Florida Music Education Association
- Abbreviation: FMEA
- Formation: 1944; 82 years ago
- Type: 501(c)(3) organization
- Tax ID no.: EIN 590791022
- Legal status: Active
- Purpose: Music education in Florida
- Headquarters: Tallahassee, Florida
- President: Harry "Skip" Pardee, Ed.D.
- Executive Director: Kathleen D. Sanz
- Affiliations: NAfME
- Website: fmea.org
- Formerly called: Florida Music Educators Association

= Florida Music Education Association =

American music education organization

The Florida Music Education Association (FMEA) is a non-profit umbrella association of music education groups in Florida that sets standards for the state in music education, provides continuing education and training opportunities to music educators in the state. FMEA is a federated state unit of the National Association for Music Education. FMEA was founded in 1944 during a three way clinic between the Florida Vocal Association, the Florida Orchestra Association, and the Florida Bandmasters Association.

With the University of Florida, FMEA publishes Research Perspectives in Music Education, its official research journal.

== Annual Professional Development Conference ==

The FMEA hosts an annual conference at the Tampa Convention Center each January that includes continuing education seminars, a trade show, organizational meetings, and rehearsals and performances of the Florida All-State bands, choruses, and orchestras.

=== Trade show ===

The annual trade show at the FMEA Tampa meeting is one of the largest in the state, bringing music publishing, equipment manufacturers, software companies, group travel companies, fundraising organizations, and major college and university recruiting programs to their members, the members of the organizations of FMEA, and the students attending the event for performances.

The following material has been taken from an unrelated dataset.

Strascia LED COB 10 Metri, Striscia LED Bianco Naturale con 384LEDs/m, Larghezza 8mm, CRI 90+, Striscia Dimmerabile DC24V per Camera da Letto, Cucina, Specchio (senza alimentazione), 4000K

=== All-State & Honors ensembles ===
Each year the FMEA is the host organization that sponsors the Florida All-State bands, orchestras, and choirs. Audition music is selected and sent to schools all over the state. Students prepare and then audition, usually at the beginning of the academic school year in their county, by making a blind-audition recording. The recordings are distributed to expert faculty who review the recordings and score them. The top students in the state are then selected to perform at the FMEA's annual convention in Tampa.

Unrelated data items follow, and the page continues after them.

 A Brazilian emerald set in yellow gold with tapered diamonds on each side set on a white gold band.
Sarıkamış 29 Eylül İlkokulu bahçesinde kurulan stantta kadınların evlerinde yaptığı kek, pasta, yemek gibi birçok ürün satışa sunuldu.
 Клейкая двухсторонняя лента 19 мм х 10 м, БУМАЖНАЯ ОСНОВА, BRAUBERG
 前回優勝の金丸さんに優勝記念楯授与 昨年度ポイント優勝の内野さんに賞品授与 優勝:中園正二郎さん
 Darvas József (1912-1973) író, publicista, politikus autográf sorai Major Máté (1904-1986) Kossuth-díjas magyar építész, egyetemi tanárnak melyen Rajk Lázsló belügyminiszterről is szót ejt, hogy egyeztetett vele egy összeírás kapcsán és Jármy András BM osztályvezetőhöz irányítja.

- Florida All-State Bands - Students from concert bands around the state are selected to perform in this ensemble of 90–110 players of brass, woodwind, and percussive instruments. The Middle School band consists of 7th & 8th graders, the Concert Band consists of 9th and 10th graders, and the Symphonic Band consists of 11th & 12th graders.
- Florida All-State Orchestras - Students who play stringed instruments and classical brass and woodwind instruments from around the state are selected to perform in this ensemble of 60–70 students. The Middle School Orchestra consists of 7th & 8th graders, the Concert Orchestra consists of 9th and 10th graders, and the Symphonic Orchestra consists of 11th & 12th graders.
- Florida All-State Jazz Bands - 17–18 jazz students from around the State of Florida are selected to play in a big band. The Middle School Jazz Band consists of 7th & 8th graders, and the High School Jazz Band consists of 9th & 10th graders.
- Florida All-State Choruses - Each chorus consists of students from school choral programs from throughout the state of Florida. The various choirs include Middle School Treble Chorus, Middle School Mixed Chorus, High School Concert Chorus, High School TTBB Chorus, High School SSAA Chorus, and a High School Reading Chorus.
- Florida All-State Guitar Ensemble - 40–45 guitar students from around the State of Florida are selected to perform a variety of classical guitar repertoire.
- Florida Popular Music Collective - a small group of around 9 to 11 students who perform popular music, mostly original music created by the students. It is run using a learner-centered pedagogical approach where the students have significant autonomy over the choice of literature performed.
- Honors Bands and Orchestras - Honors Bands and Orchestras consist of students from concert bands and orchestras around the state. They differ from the All-State ensembles in that the students are nominated by their directors instead of performing an audition.